#### [Recorded data]
# # # # #

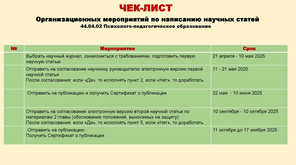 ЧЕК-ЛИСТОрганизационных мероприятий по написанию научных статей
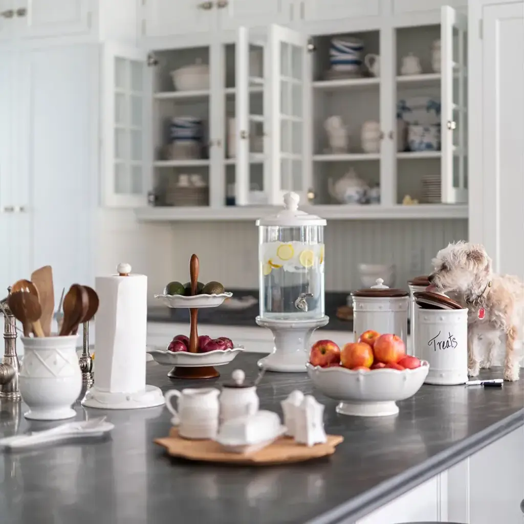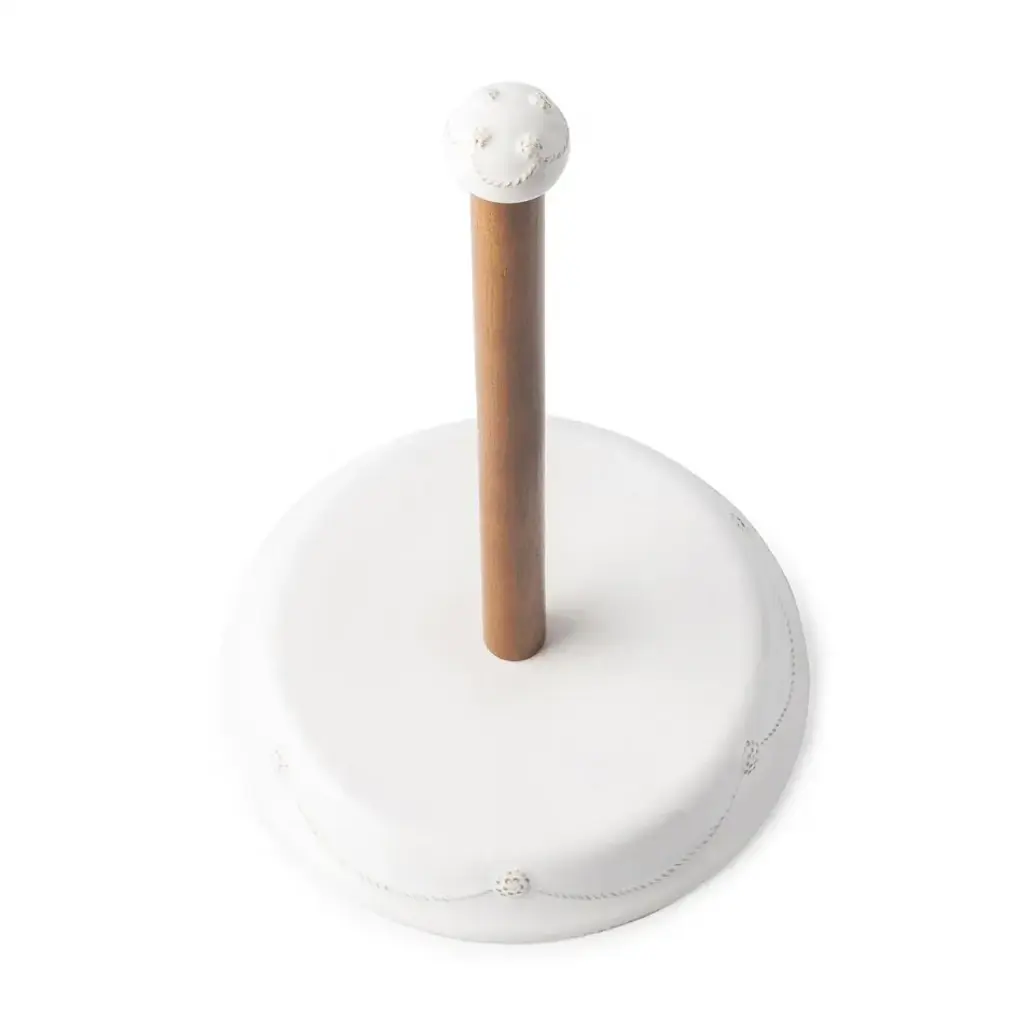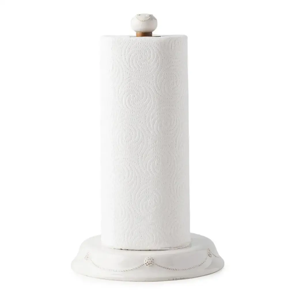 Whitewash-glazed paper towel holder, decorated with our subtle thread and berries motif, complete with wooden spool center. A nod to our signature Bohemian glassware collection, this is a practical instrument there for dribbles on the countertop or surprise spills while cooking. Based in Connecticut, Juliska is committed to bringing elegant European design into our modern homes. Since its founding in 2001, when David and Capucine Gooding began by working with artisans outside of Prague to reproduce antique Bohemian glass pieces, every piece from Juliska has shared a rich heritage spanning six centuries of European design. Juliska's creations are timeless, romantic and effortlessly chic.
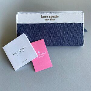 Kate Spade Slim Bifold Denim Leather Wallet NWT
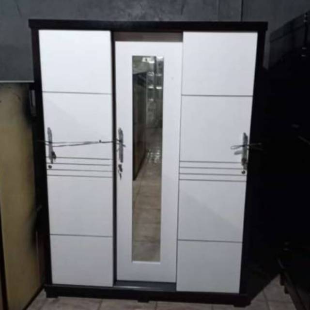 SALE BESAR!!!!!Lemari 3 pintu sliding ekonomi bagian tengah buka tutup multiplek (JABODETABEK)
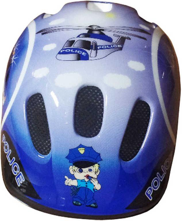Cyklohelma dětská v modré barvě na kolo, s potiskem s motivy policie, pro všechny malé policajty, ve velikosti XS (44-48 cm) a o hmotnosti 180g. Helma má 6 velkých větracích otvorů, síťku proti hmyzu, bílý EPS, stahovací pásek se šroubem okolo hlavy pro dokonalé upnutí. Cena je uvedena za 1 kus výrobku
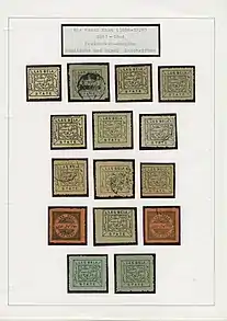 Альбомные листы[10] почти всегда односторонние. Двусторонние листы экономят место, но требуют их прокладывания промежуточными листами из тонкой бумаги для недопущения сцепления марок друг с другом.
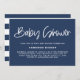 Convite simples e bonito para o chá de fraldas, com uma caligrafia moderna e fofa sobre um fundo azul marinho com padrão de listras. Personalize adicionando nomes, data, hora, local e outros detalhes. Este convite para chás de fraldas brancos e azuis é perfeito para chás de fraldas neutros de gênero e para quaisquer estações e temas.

# # # # #

#### [Your objective]
Without the pictures, restate each entry exactly.

#### [Solution to this exercise]
 ЧЕК-ЛИСТОрганизационных мероприятий по написанию научных статей
 Whitewash-glazed paper towel holder, decorated with our subtle thread and berries motif, complete with wooden spool center. A nod to our signature Bohemian glassware collection, this is a practical instrument there for dribbles on the countertop or surprise spills while cooking. Based in Connecticut, Juliska is committed to bringing elegant European design into our modern homes. Since its founding in 2001, when David and Capucine Gooding began by working with artisans outside of Prague to reproduce antique Bohemian glass pieces, every piece from Juliska has shared a rich heritage spanning six centuries of European design. Juliska's creations are timeless, romantic and effortlessly chic.
 Kate Spade Slim Bifold Denim Leather Wallet NWT
 SALE BESAR!!!!!Lemari 3 pintu sliding ekonomi bagian tengah buka tutup multiplek (JABODETABEK)
Cyklohelma dětská v modré barvě na kolo, s potiskem s motivy policie, pro všechny malé policajty, ve velikosti XS (44-48 cm) a o hmotnosti 180g. Helma má 6 velkých větracích otvorů, síťku proti hmyzu, bílý EPS, stahovací pásek se šroubem okolo hlavy pro dokonalé upnutí. Cena je uvedena za 1 kus výrobku
 Альбомные листы[10] почти всегда односторонние. Двусторонние листы экономят место, но требуют их прокладывания промежуточными листами из тонкой бумаги для недопущения сцепления марок друг с другом.
 Convite simples e bonito para o chá de fraldas, com uma caligrafia moderna e fofa sobre um fundo azul marinho com padrão de listras. Personalize adicionando nomes, data, hora, local e outros detalhes. Este convite para chás de fraldas brancos e azuis é perfeito para chás de fraldas neutros de gênero e para quaisquer estações e temas.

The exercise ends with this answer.